§ Problem to work on
Skip the pictures. Transcribe exactly the lines from the line containing "書道で市長賞に選ばれた寺部さんの作品(プリオで)" to the end of the listing.
····················
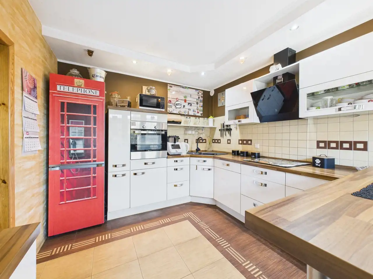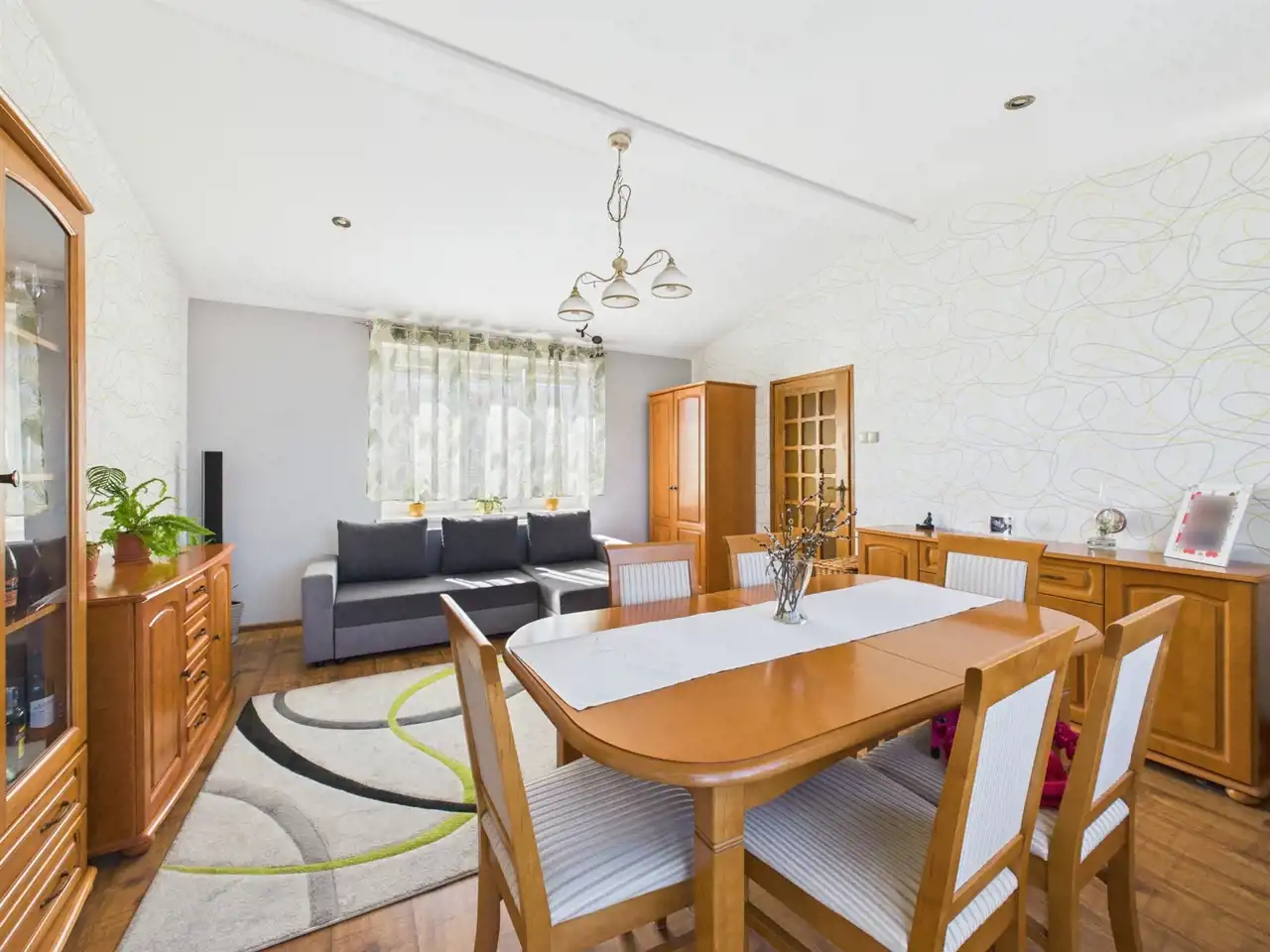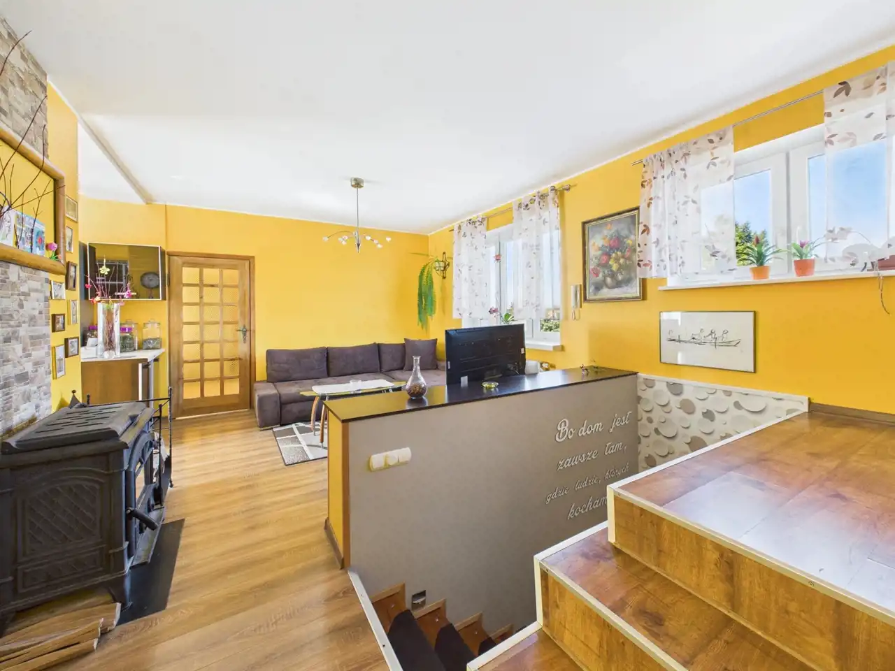 - Kuchnia z piecem gazowym, połączona z przestronnym salonem, w którym znajduje się kominek wolnostojący typu "KOZA" – doskonałe miejsce na rodzinne wieczory przy ogniu. Do mieszkania przynależy także piwnica z pralnią i spiżarnią, co dodatkowo zwiększa funkcjonalność tej przestrzeni.
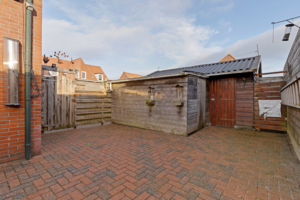 - Houten berging kan relatief eenvoudig tot garage worden omgebouwd.
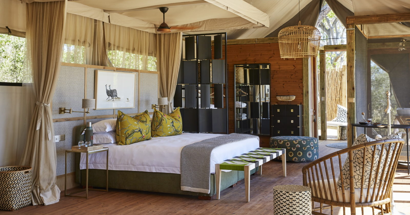 Campens design och inredning återspeglar en elegant samtida stil med inslag av lokal kultur och tradition, vilket skapar en autentisk och lyxig atmosfär. Med endast 10 eleganta sviter och den exklusiva Geoffrey Kent-sviten, som rymmer upp till sex gäster, erbjuder campen en intim och personlig safarivistelse.
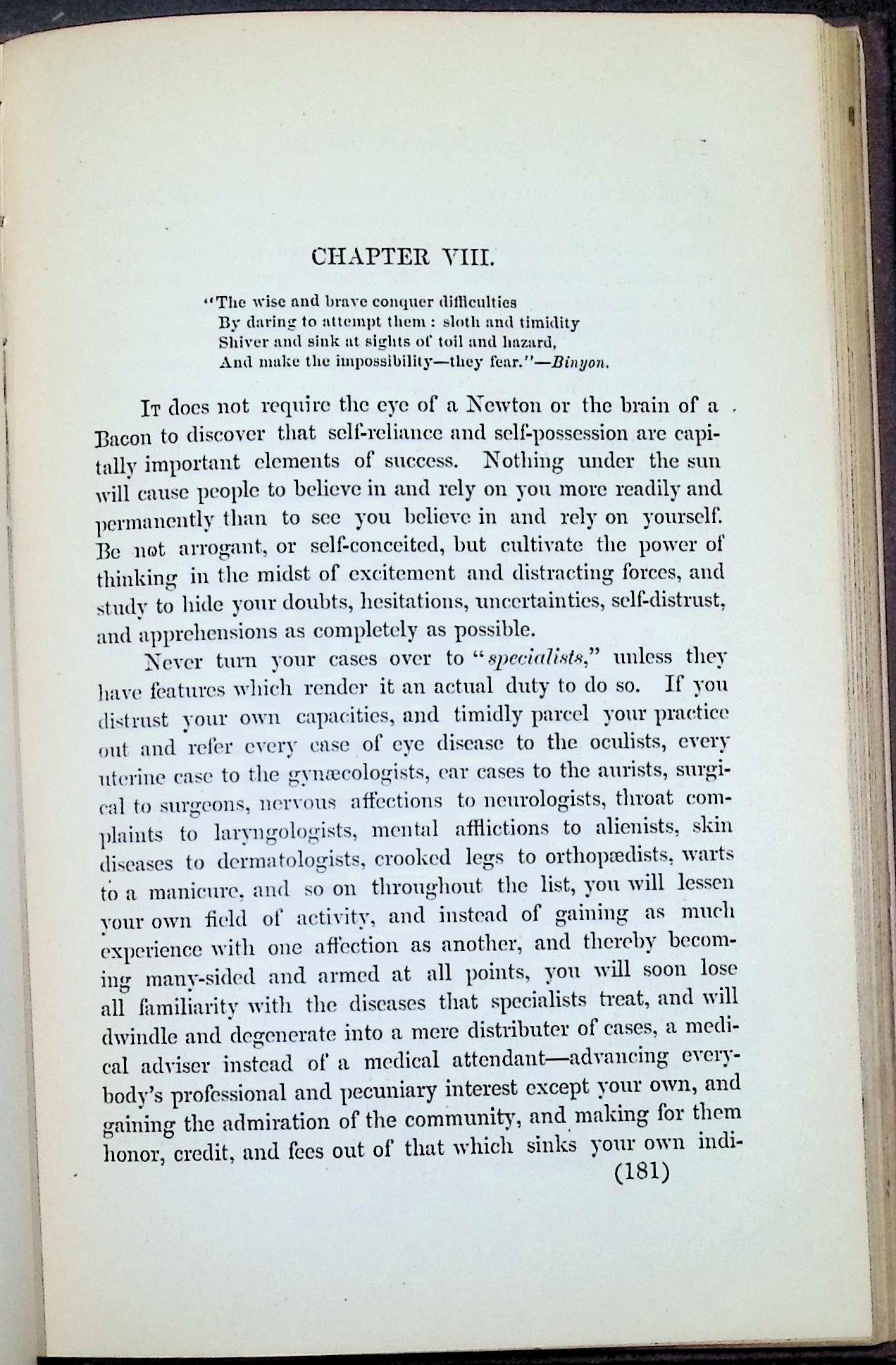 The book reflected the late Victorian ideal of the physician as a gentleman-scholar — sober, dignified, and respected. It warned against gossip, intemperance, and moral compromise, urging physicians to “fight the battles of life” with both science and self-control.
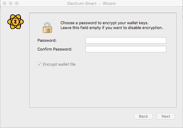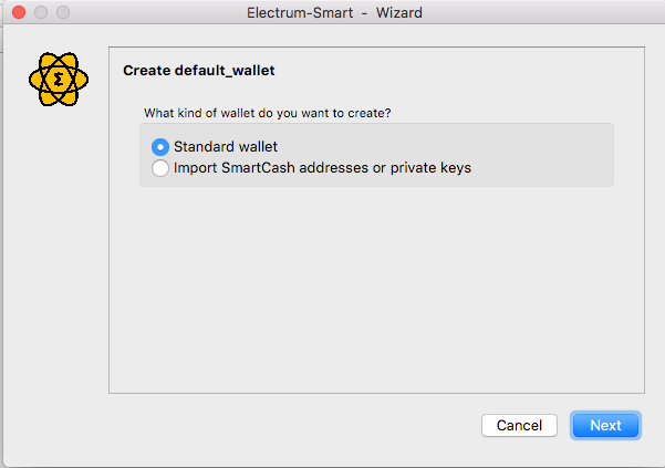 Select Standard Wallet to create a new wallet.Use the Import SmartCash address or private keys option to bring in your existing smartcash wallet into the electrum wallet. Click on Next to continue.
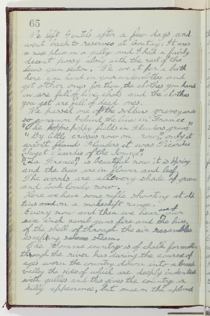 We left Gentils after a few days and went back to reserves at Contay. It was a nice place in a gully and I had a fairly decent posy along with the rest of the Lewis gun section. We went for a bath here you hand in your underclothes and get other ones for them, the clothes you hand in are full of live chats and the clothes you get are full of dead ones.
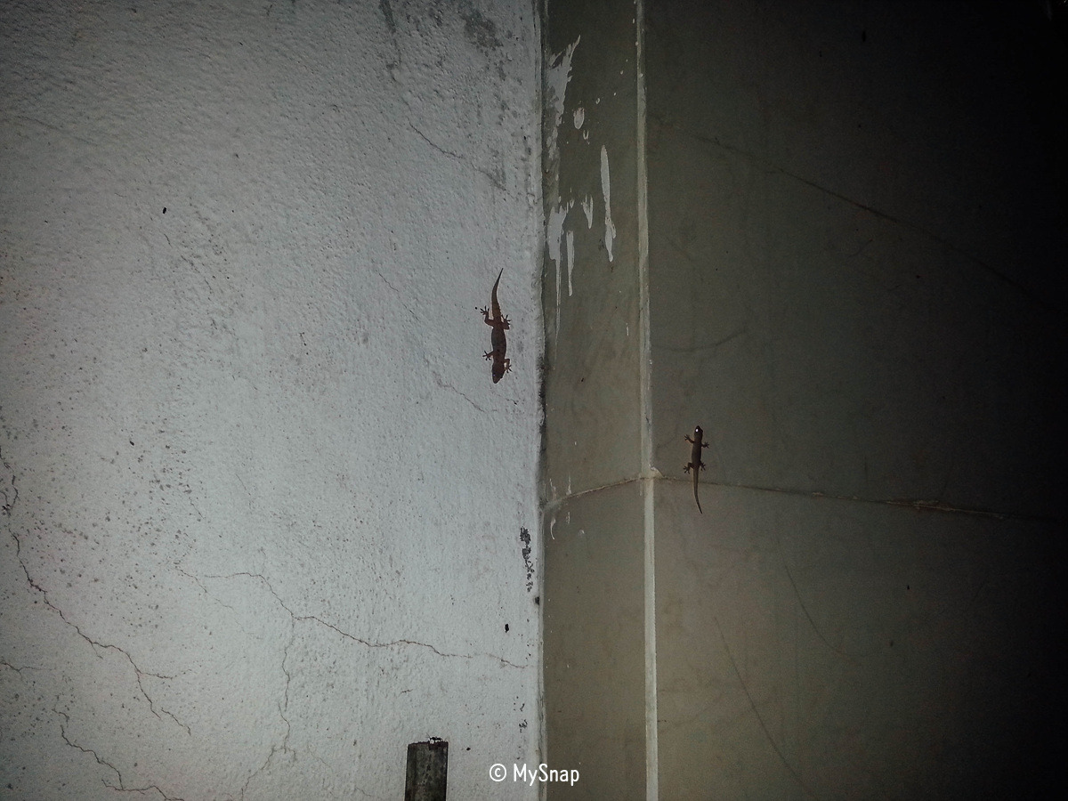 너무 이상해서 방 안의 불을 켰다. 순간 내 눈을 의심할 수밖에 없었다. 숙소 바닥에는 개구리 1마리가 있었고, 벽에는 여러 마리의 도마뱀들이 있었다. 평소 숙소를 들락거리면서 밤이 되면 조명 근처에 모여있는 도마뱀을 자주 봤었다. 아무래도 잠시 환기시킨다고 창문을 열어놓은 곳으로 모르는 사이에 들어온 것 같았다.
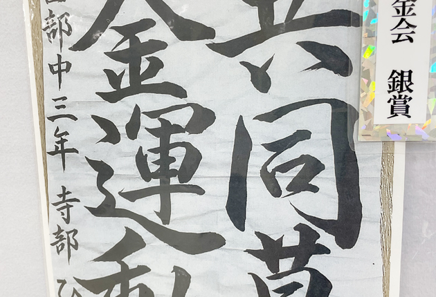 書道で市長賞に選ばれた寺部さんの作品(プリオで)
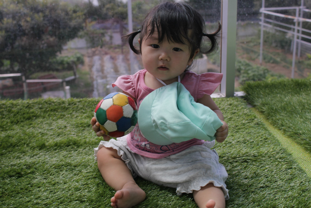 ラッコ組さんはみんなで仲良くベランダでボール遊びをしました。
····················
§ Answer section
 書道で市長賞に選ばれた寺部さんの作品(プリオで)
 ラッコ組さんはみんなで仲良くベランダでボール遊びをしました。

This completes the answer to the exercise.